Nigel Mason, and his wife Yanie, started out as a rafting operator 30 years ago and ended up with the successful one-stop destination Mason Adventures Bali – comprising the famed elephant park and lodge, helicopter tours, chocolate factory, jungle buggies and more. They share the secret of how a happy family can lead to a successful business.
Q: Have you always known that this is what you wanted to do?
Nigel: No, life’s a journey and it takes you to places. I started out in England, I went all around Australia, I’ve been all around Asia too, but when I arrived in Bali, I suddenly felt at home. Yanie and I have been lucky that we have the same vision between us, we’ve always known what we wanted to do, not years before it happens, but when it happens. The park was that sort of thing. We started it out really as a combination to our rafting. Very quickly, I decided that this was very special, that it needed to be its own separate identity. That’s when we started building the park as a full-on elephant safari park. We put the hotel here too. So, it become a total elephant experience, we have the museum, the gallery, so when people come here they’re not bored.
Q: What’s the secret behind your success?

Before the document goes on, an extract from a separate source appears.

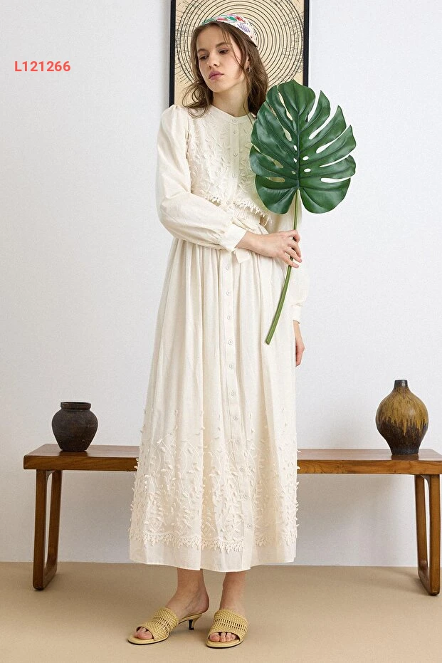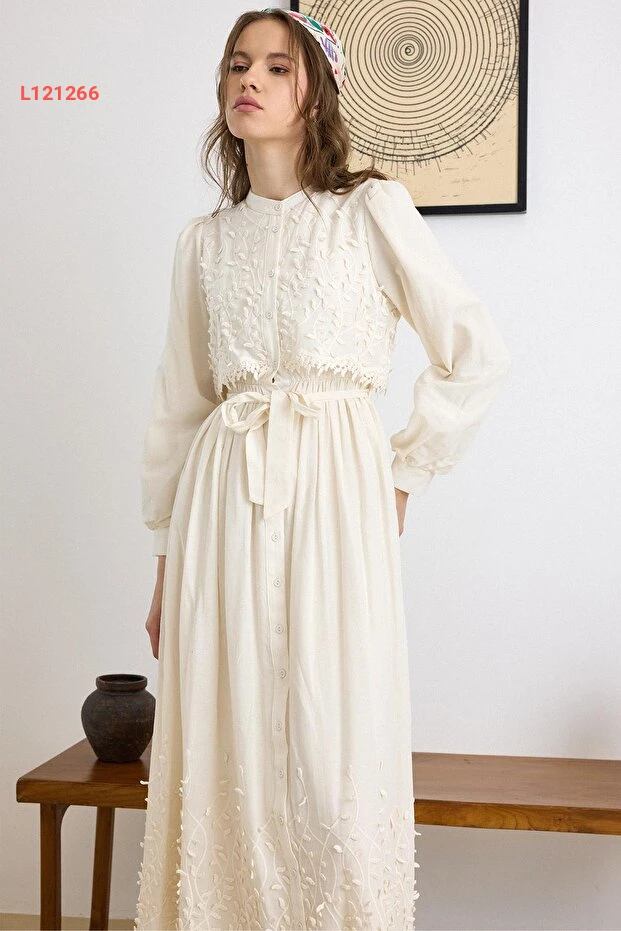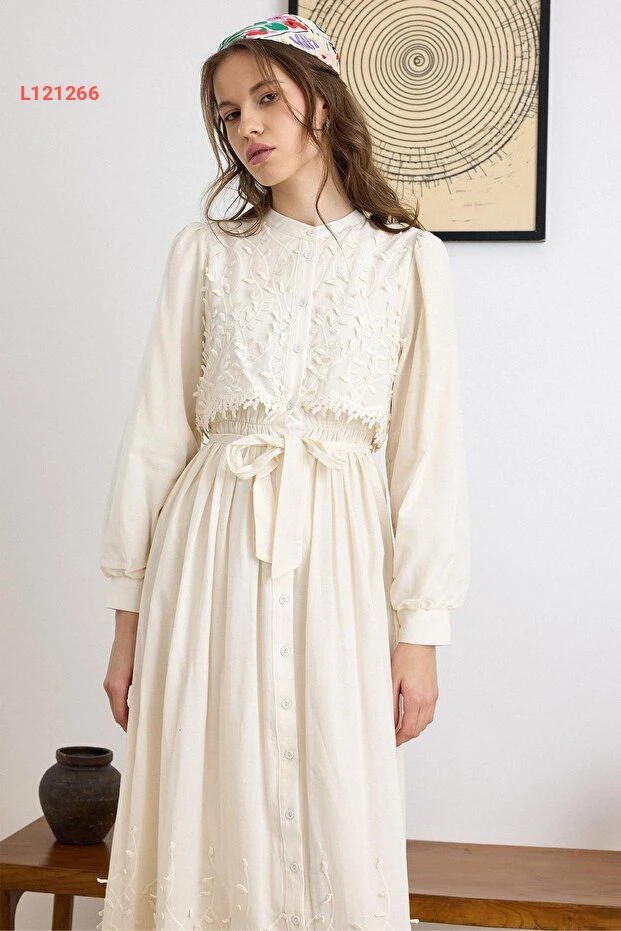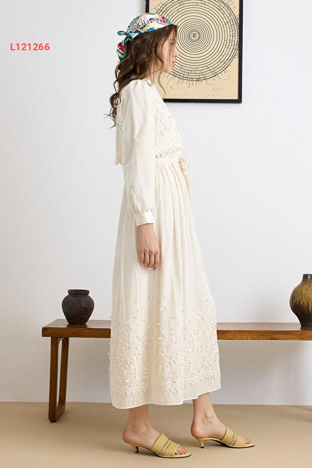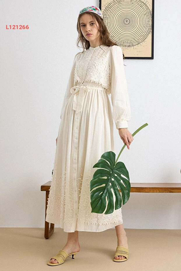 استمتعي بإطلالة أنيقة وجذابة مع فستان Olcay المميز، الذي يتميز بتصميمه الثلاثي الأبعاد والتفاصيل الأنيقة في الدانتيل. بلون الكريمي الفاتح، يجمع هذا الفستان بين الفخامة والراحة، مما يجعله الخيار المثالي لمناسباتك الخاصة. ارتدي هذا الفستان واستمتعي بإطلالة ساحرة تضفي لمسة من الجمال على كل لحظة.

N: I’ve been in Bali for 37 years, and Mason Adventures started 30 years ago. Our success is due to the tenacity to do things, but also it’s our imagination. I’ve always been the sort of person who wants to do something different, I never see things and say I want to copy that, I always look at things and think I can do something really different here. That’s what distinguishes the park. I purposely don’t go to the other places because I don’t want my mind polluted with other people’s ideas. We’re uniquely different because of that, I think.
Q: What drives you day to day?
N: It’s just that I love to work, I like to do the things that I have to do, I suppose it’s just enthusiasm for life and enthusiasm for my business. If you’re not enthusiastic about your business, how can you expect your staff to be?
Yanie: From the beginning we have always loved what we’re doing. We never have a target, oh we have to achieve this and that. Just love what we do and the rest comes along.
Q: How do you measure success?
N: I think it’s more about how well a business runs, not how much money it makes. It’s a balance more than anything else. It has to be a win-win for everybody. This park alone is a win-win for the community, for the elephants. Top priorities are to keep the business running well and for the guests to be happy. We’ll never be people who die with a lot of money, but we enjoy the work we do, we have a good lifestyle, that’s the most important thing to us.
Q: How do you incorporate your family life into the work life?
N: My sons were always brought up to believe that they could make choices by themselves. We never said that they had to grow up and take over the family business. However, both of them independently decided to come into the family business and they’re both very enthusiastic, very enthusiastic about it. The success of Yanie and I is because we work hard, we discuss things, we love the same things and we have a really close-knit family, I think that satisfaction in your personal life, rolls over into your business life. If you’re happy and successful in your own life, your business will be the same. I think that’s where we’ve been lucky. We’re side by side in mentality as well as physically.
Y: Especially when you have children, you have to give them role models, figures they can look up to. By that time, the staff can see how you are, and that hopefully reflects in the working environment too. Here, we all need each other, everyone should treat each other well, no matter what the position is – just like a family.
Q: Do you have any advice for those who want to start their tourist business in Bali?
N: The most important thing is, you have to really love what you’re going to do. Don’t go into anything unless you have the passion to do it. Because if you do it half-heartedly and you copy someone’s idea just to make money, it’ll never be successful.